Весь этот беспорядок представлял собой полную противоположность целомудренному святилищу, где Каролина, в то время как ее сестры часто проводили ночи в болтовне, запиралась, чтобы читать свои наивные молитвы, составлять список мелких личных расходов, которые почти все состояли из подаяний, чинить тайком какие-нибудь поношенные вещи (ибо ей доставляло удовольствие не позволять себе лени, оправданной богатством), наконец, повторять уроки и добросовестно усваивать те основы образования, которыми ее сестры слишком быстро пренебрегли, чтобы познавать вещи, с ее точки зрения, весьма легкомысленные.
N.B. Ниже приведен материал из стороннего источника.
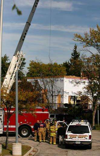 Part of an addition to Wool Street Grill and Sports Bar collapsed Tuesday afternoon in Barrington. One worker with, Christian Jacob Home Builders, with minor injuries was transported to Good Shepherd Hospital . George LeClaire | Staff Photographer

Мы называем легкомысленными занятия, к которым только чуть прикасаются, не углубляясь в них. По нашему мнению, так называемое искусство, или умение быть приятным в обществе, находится в обеспеченных буржуазных семьях в варварском состоянии. Куда уместнее было бы назвать то, чему учат молодых девиц, искусством доставлять неприятности окружающим, которые оказываются вынужденными терпеть все это – рассматривать созданные ими семейные портреты, слушать в их исполнении романсы, или фортепьянные пьесы, или даже их собственные стихи.

Эвелина и Натали не находились на этом печальном уровне. Они обе обладали некоторыми дарованиями, одна – музыкальным, другая – поэтическим. У Эвелины были ловкие пальцы и бурная фантазия, и она хоть и нерегулярно, но яростно терзала свой рояль, почти всегда расстроенный либо от длительного небрежения, либо от безжалостного пользования. Натали писала и в самом деле недурные стихи, иногда отличные по форме, но откуда ей было взять глубокое содержание? Сердце ее было холодно и замкнуто; ее воображение, еще ни разу не взволнованное чувством, оставалось лишь стальным зеркалом, четко отражавшим внешние предметы. Она была наблюдательна и нередко находила верные, а порой даже меткие выражения. Она любила это занятие и с удовольствием преодолевала трудности рифмовки и размера, как опытный и усердный чеканщик работает с неподатливым материалом. У Натали был хороший вкус, и она невысоко ценила моду, но, любя идти против течения, она охотно воспроизводила все современные жанры, преувеличивая и выпячивая недостатки романтической школы. Считая это трудной победой, она тешила таким образом свое тщеславие. Незаметно для себя она все же усваивала характерные черты романтической поэзии, но они не были ей органически свойственны и, будучи пропущены через равнодушный ум и холодное сердце, теряли всякую оригинальность.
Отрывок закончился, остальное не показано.